Corporations are scaling sustainability at pace. The Redmond tech campus redevelopment demonstrates how net zero carbon buildings and eco-design for buildings can underpin business resilience through intelligent water reuse, energy-efficient buildings and circular construction strategies. In housing, mixed-income models in cities such as San Diego and New York are proving that sustainable construction can deliver both affordability and compliance with stricter embodied carbon and lifecycle assessment standards when capital and permitting align.
Policy inconsistency threatens this momentum. Fragmented energy-transition frameworks and material certification regimes make it difficult to benchmark building lifecycle performance or achieve consistent carbon footprint reduction across markets. Unified regulation and robust environmental product declarations (EPDs) would enable supply chains to invest confidently in low embodied carbon materials and renewable building materials, reinforcing the circular economy in construction.
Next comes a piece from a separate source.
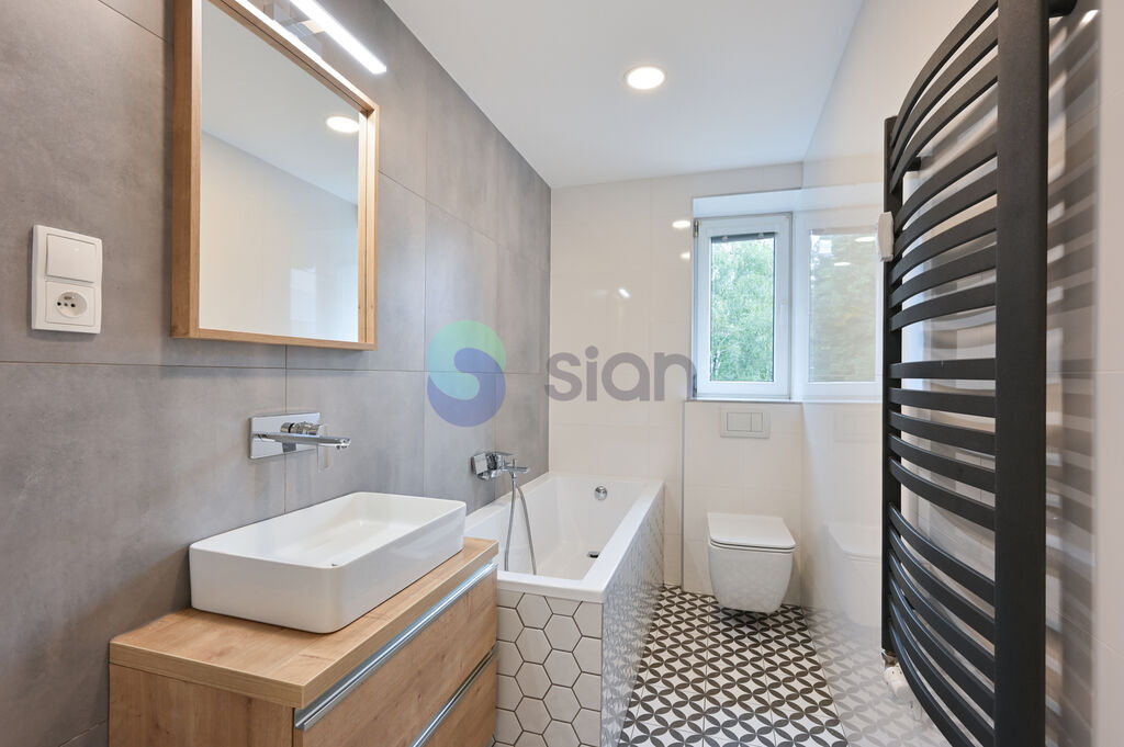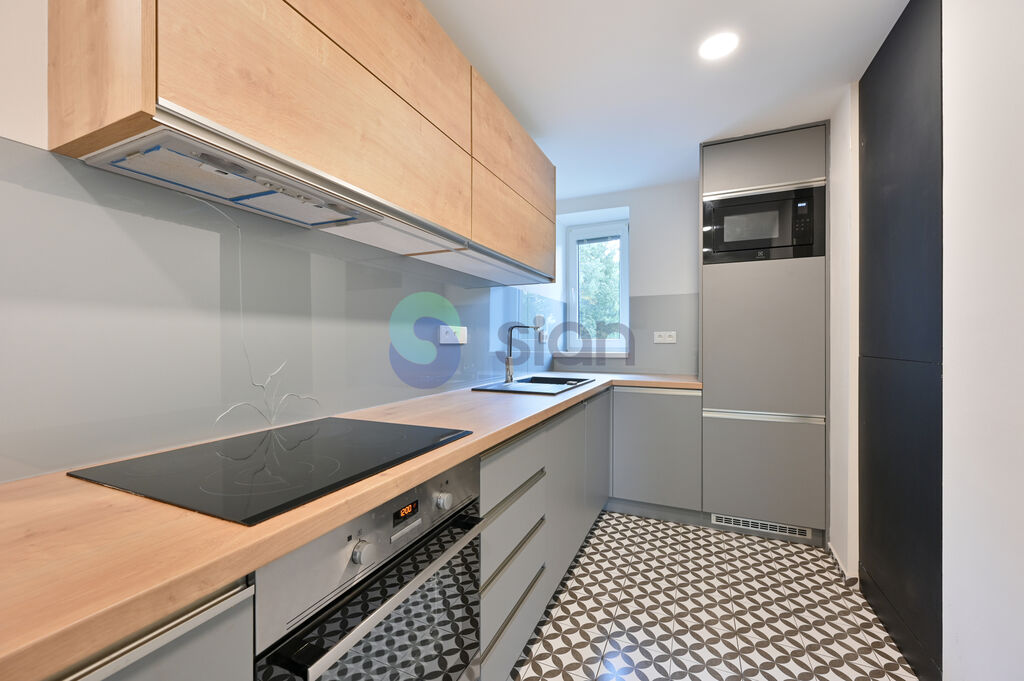 Byt prošel před pěti lety kompletní a vkusnou rekonstrukcí. Kuchyňská linka byla vyrobena na míru a je vybavena vestavěnými spotřebiči – elektrickou varnou deskou, troubou, myčkou, lednicí, mikrovlnnou troubou i granitovým dřezem. V koupelně je vana, topný žebřík a závěsná toaleta. V pokojích jsou plovoucí podlahy, v koupelně a kuchyni dlažba. Samozřejmostí jsou nové rozvody elektřiny v mědi, nové dveře. Ohřev vody zajištuje elektrický bojler.

The industry’s leading edge is now characterised by whole life carbon accountability, life cycle cost optimisation and sustainable material specification. Designing for risk, climate and local ecology while embedding BREEAM and BREEAM v7 principles ensures that green construction moves beyond aspiration into measurable performance. The emerging model of low carbon building and carbon neutral construction signals genuine progress toward decarbonising the built environment and achieving net zero whole life carbon across sectors.